**Your assignment:** Go to the line holding "ALIMENTO>NUTRIÇÃO>GRÃO E CEREAL>CASTANHA" in the data below and repeat it exactly, then each line after it up to and including the one holding "Incluye 3 perforadoras". Omit pictures.
### Record excerpts ###
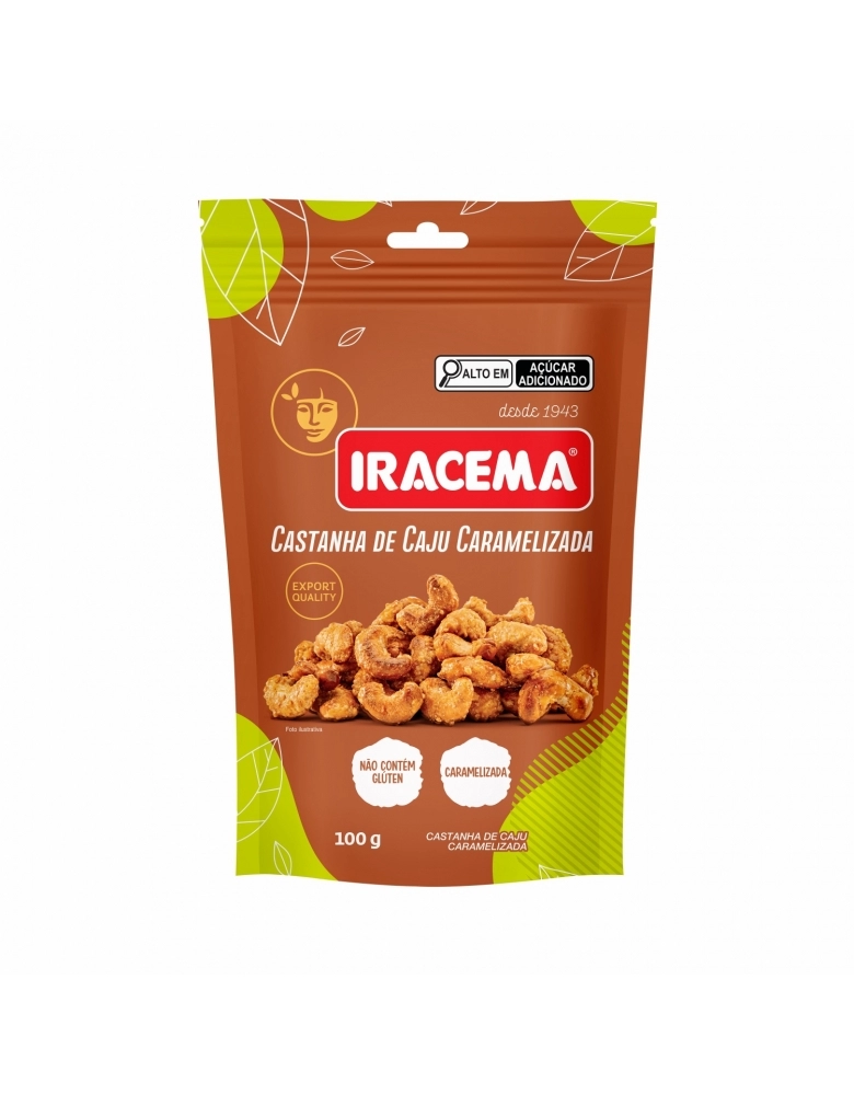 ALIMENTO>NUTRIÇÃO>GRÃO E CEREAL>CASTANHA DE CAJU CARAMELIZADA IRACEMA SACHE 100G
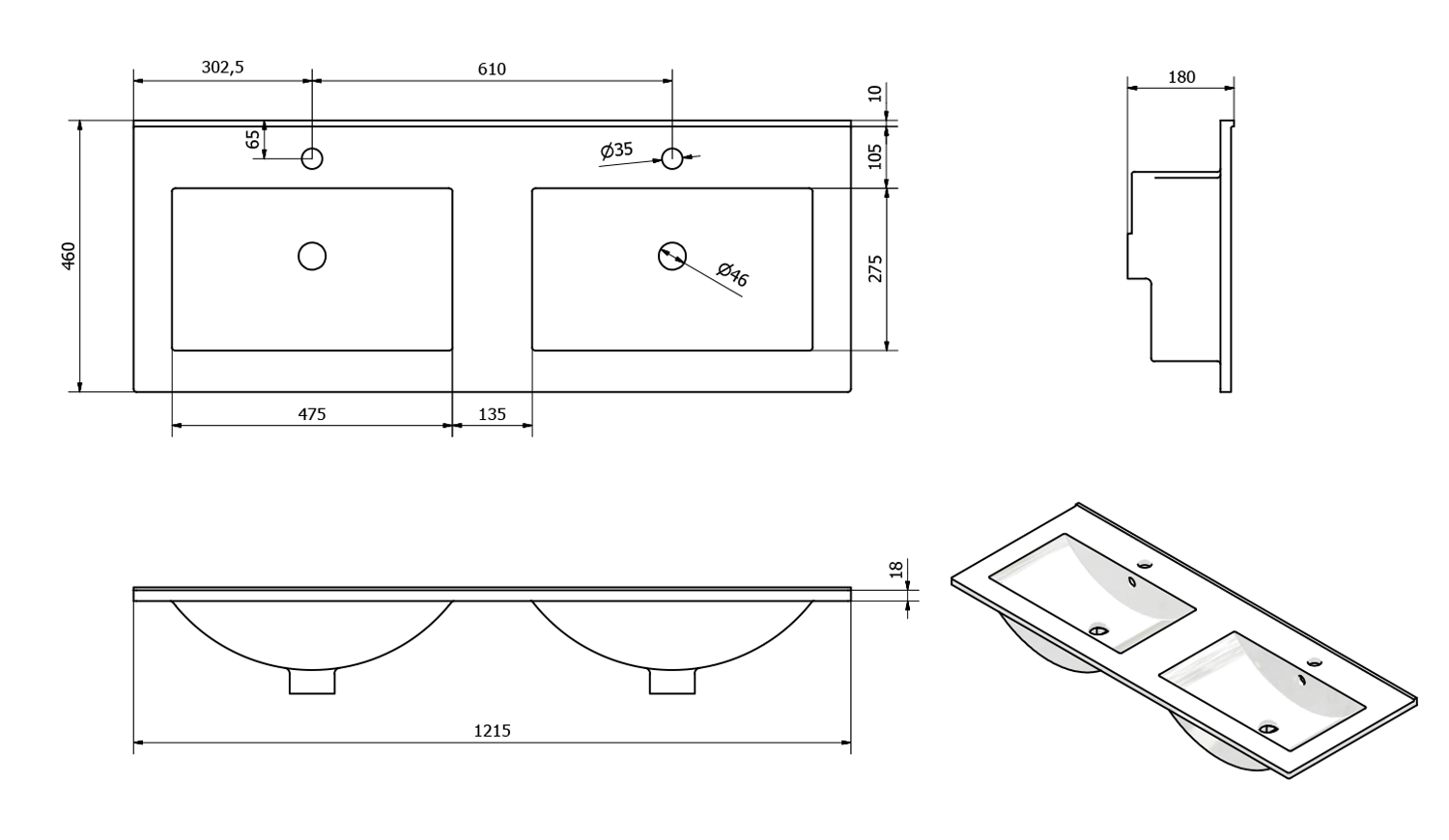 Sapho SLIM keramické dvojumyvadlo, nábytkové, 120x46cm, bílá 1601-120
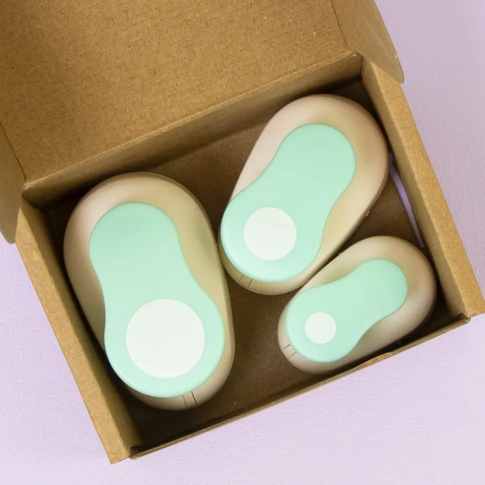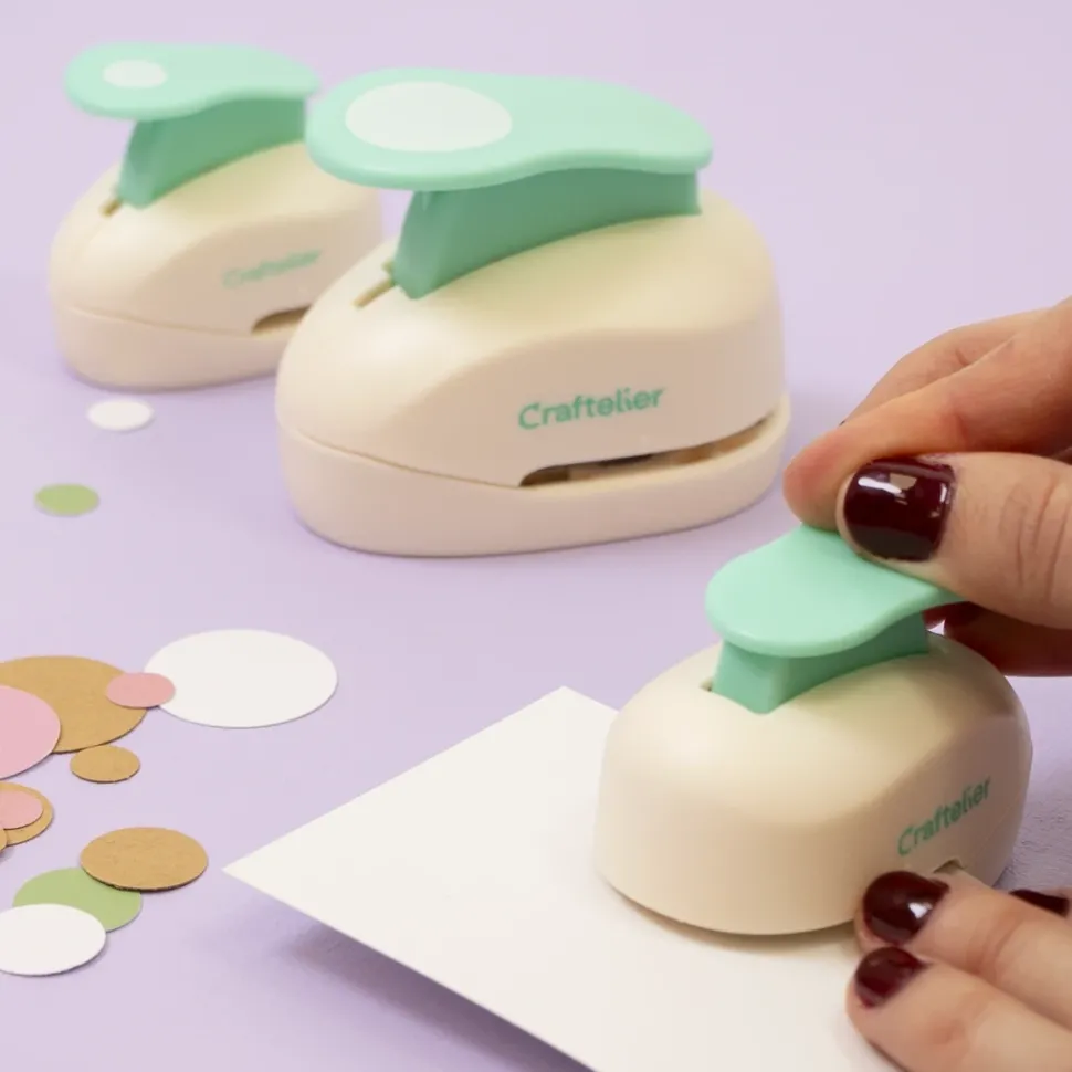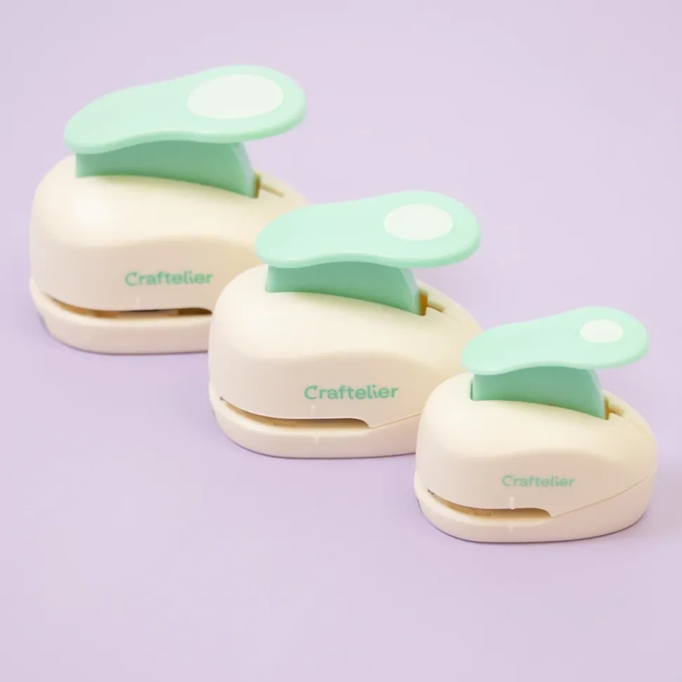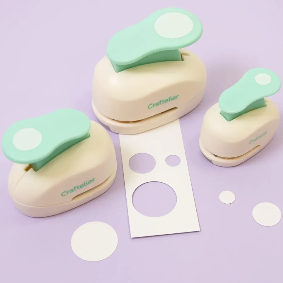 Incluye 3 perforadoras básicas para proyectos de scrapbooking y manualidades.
###
### Record excerpts ###
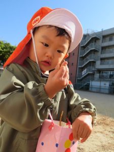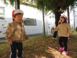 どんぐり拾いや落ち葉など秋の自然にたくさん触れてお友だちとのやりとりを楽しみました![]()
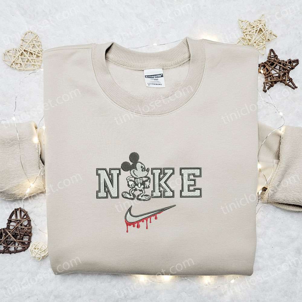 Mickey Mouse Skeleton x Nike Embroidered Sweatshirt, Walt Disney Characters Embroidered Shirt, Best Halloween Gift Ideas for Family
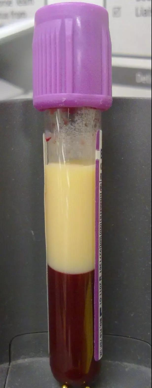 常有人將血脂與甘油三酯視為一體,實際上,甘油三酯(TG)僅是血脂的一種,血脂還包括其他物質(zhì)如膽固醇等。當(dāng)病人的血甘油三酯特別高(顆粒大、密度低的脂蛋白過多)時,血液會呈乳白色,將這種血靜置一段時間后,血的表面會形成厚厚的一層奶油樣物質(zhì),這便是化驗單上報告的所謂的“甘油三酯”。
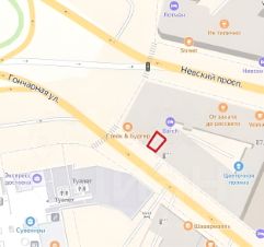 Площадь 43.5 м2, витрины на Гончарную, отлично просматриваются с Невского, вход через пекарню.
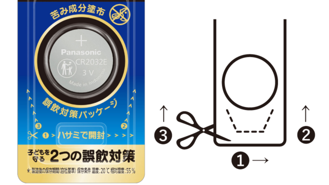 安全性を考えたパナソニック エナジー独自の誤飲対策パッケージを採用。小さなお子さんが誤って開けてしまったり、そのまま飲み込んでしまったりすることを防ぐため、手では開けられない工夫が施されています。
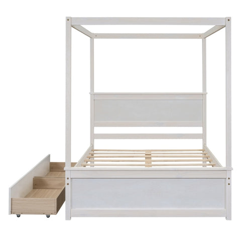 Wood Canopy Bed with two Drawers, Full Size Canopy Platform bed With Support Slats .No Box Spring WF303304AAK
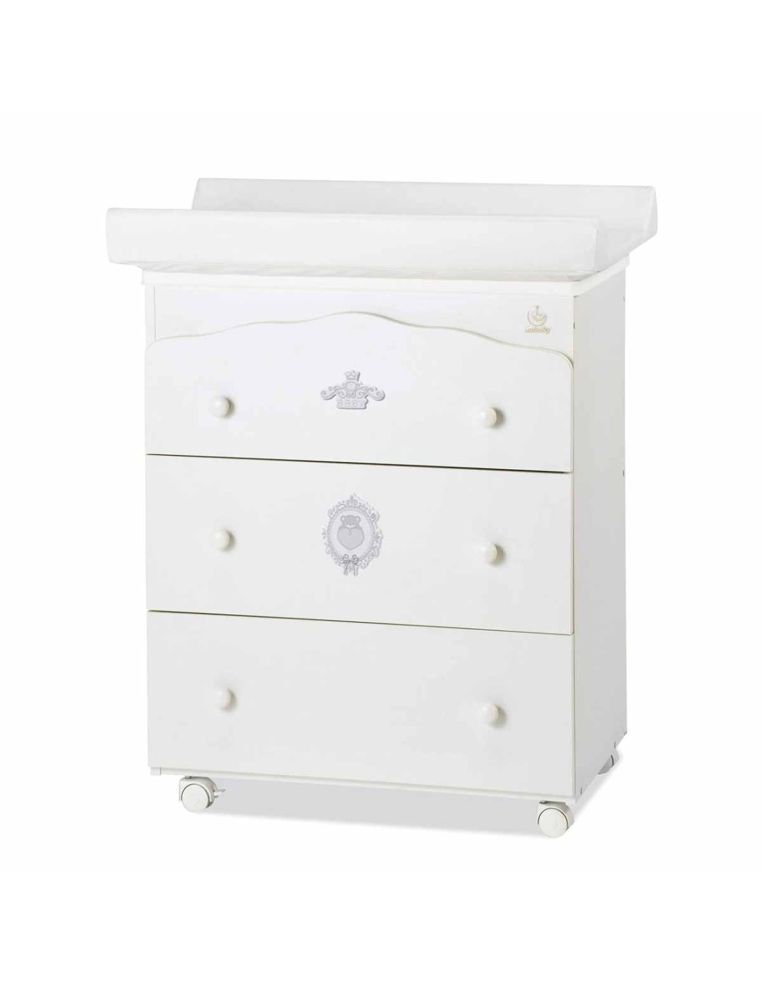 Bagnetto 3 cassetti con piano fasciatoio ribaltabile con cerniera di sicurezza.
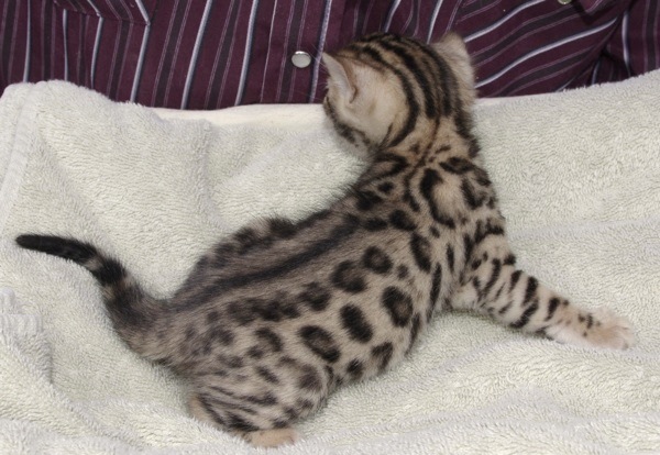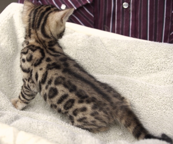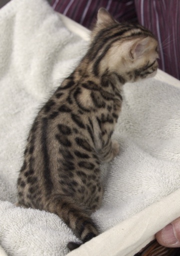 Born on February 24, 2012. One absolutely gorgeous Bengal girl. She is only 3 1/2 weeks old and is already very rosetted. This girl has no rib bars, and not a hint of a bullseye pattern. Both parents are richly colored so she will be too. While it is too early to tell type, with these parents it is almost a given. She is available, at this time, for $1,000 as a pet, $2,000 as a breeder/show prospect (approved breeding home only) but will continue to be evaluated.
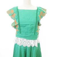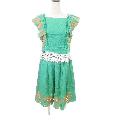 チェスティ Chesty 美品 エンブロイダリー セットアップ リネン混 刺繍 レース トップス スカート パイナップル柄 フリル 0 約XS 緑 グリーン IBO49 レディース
###
### Record excerpts ###
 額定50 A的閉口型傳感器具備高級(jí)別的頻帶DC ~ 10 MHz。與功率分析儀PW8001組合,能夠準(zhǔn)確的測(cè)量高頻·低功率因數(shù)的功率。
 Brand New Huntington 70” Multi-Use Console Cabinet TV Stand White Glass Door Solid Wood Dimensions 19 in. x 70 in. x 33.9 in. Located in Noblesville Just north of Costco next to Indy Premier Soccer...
###
**Written response:**
 ALIMENTO>NUTRIÇÃO>GRÃO E CEREAL>CASTANHA DE CAJU CARAMELIZADA IRACEMA SACHE 100G
 Sapho SLIM keramické dvojumyvadlo, nábytkové, 120x46cm, bílá 1601-120
 Incluye 3 perforadoras básicas para proyectos de scrapbooking y manualidades.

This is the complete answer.